• [WHAT YOU WILL DO]: Stopping right after the line with "شرکت کشاورزی و", please reproduce the material below exactly from its first line.

• [MATERIALS PROVIDED]:
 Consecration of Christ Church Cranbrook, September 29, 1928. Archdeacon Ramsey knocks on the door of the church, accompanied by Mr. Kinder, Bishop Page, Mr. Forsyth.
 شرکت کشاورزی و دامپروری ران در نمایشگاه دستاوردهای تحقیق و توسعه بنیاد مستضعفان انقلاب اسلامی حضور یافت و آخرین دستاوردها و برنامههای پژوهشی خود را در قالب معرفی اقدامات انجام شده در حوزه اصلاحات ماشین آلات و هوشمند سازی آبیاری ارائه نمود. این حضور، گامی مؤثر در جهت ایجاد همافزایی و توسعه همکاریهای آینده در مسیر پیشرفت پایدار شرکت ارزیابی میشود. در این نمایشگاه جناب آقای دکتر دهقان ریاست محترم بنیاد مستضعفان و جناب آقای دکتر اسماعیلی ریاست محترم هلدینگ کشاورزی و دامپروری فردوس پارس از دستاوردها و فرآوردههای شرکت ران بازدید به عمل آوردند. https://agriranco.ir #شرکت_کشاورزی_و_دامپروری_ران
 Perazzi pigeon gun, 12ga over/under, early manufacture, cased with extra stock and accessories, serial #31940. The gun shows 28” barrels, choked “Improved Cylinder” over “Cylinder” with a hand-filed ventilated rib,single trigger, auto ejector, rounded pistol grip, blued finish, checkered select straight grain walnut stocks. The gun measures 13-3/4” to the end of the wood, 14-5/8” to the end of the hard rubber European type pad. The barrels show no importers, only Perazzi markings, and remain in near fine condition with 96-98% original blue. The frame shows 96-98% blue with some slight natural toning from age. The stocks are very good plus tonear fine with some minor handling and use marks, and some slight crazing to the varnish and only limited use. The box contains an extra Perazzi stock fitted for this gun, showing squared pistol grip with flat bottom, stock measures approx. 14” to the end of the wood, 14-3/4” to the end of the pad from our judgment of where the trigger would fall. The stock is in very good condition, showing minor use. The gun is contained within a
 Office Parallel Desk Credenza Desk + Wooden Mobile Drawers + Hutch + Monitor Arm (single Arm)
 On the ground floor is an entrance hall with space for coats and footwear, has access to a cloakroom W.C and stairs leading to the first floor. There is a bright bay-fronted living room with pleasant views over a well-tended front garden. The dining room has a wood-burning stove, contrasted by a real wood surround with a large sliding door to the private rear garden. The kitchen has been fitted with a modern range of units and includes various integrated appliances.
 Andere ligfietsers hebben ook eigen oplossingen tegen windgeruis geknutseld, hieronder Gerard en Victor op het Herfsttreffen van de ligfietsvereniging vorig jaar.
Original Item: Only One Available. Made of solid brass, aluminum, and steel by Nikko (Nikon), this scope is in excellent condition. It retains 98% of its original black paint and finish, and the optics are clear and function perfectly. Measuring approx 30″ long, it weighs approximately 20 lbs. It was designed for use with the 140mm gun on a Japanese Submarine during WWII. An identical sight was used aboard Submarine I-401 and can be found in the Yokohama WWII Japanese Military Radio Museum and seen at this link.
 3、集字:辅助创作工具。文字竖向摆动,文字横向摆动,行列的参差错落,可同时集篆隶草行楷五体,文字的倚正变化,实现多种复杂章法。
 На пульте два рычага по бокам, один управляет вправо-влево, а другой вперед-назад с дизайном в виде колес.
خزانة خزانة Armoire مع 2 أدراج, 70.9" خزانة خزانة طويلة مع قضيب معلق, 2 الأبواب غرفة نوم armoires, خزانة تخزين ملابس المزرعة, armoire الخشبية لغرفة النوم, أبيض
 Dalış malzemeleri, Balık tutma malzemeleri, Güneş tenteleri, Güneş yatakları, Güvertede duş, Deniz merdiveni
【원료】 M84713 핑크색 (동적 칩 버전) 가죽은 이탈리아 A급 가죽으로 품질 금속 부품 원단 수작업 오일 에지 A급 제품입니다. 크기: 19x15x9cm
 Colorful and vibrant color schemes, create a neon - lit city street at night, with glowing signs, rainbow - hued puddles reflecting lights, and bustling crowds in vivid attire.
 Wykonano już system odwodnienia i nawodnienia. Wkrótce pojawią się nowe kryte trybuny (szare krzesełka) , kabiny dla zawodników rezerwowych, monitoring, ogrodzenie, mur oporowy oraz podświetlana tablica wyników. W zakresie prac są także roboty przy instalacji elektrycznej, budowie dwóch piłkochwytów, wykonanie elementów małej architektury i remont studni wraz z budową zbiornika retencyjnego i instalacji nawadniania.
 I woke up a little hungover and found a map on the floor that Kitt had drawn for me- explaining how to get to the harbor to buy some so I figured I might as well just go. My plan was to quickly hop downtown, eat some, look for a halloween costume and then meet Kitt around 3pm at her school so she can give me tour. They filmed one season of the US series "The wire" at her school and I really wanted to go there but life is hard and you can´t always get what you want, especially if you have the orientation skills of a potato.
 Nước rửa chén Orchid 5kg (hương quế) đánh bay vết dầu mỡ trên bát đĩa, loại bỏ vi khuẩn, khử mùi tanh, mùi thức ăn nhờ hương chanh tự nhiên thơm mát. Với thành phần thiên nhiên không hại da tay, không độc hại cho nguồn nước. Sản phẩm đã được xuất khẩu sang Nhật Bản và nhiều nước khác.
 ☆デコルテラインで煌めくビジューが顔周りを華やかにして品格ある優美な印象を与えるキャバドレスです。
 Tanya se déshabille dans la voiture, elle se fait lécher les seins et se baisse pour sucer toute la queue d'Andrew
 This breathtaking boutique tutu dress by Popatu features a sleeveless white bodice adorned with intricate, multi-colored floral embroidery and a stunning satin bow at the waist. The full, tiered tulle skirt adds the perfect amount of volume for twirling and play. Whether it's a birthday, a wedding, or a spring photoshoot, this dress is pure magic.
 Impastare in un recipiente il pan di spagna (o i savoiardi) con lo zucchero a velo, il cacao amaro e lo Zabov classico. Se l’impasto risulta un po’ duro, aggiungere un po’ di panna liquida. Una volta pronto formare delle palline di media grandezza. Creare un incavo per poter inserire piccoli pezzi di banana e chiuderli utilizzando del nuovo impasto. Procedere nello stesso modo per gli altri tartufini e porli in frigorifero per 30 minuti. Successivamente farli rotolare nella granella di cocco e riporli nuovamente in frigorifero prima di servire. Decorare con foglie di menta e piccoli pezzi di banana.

• [OUTPUT FOR THIS EXERCISE]:
 Consecration of Christ Church Cranbrook, September 29, 1928. Archdeacon Ramsey knocks on the door of the church, accompanied by Mr. Kinder, Bishop Page, Mr. Forsyth.
 شرکت کشاورزی و دامپروری ران در نمایشگاه دستاوردهای تحقیق و توسعه بنیاد مستضعفان انقلاب اسلامی حضور یافت و آخرین دستاوردها و برنامههای پژوهشی خود را در قالب معرفی اقدامات انجام شده در حوزه اصلاحات ماشین آلات و هوشمند سازی آبیاری ارائه نمود. این حضور، گامی مؤثر در جهت ایجاد همافزایی و توسعه همکاریهای آینده در مسیر پیشرفت پایدار شرکت ارزیابی میشود. در این نمایشگاه جناب آقای دکتر دهقان ریاست محترم بنیاد مستضعفان و جناب آقای دکتر اسماعیلی ریاست محترم هلدینگ کشاورزی و دامپروری فردوس پارس از دستاوردها و فرآوردههای شرکت ران بازدید به عمل آوردند. https://agriranco.ir #شرکت_کشاورزی_و_دامپروری_ران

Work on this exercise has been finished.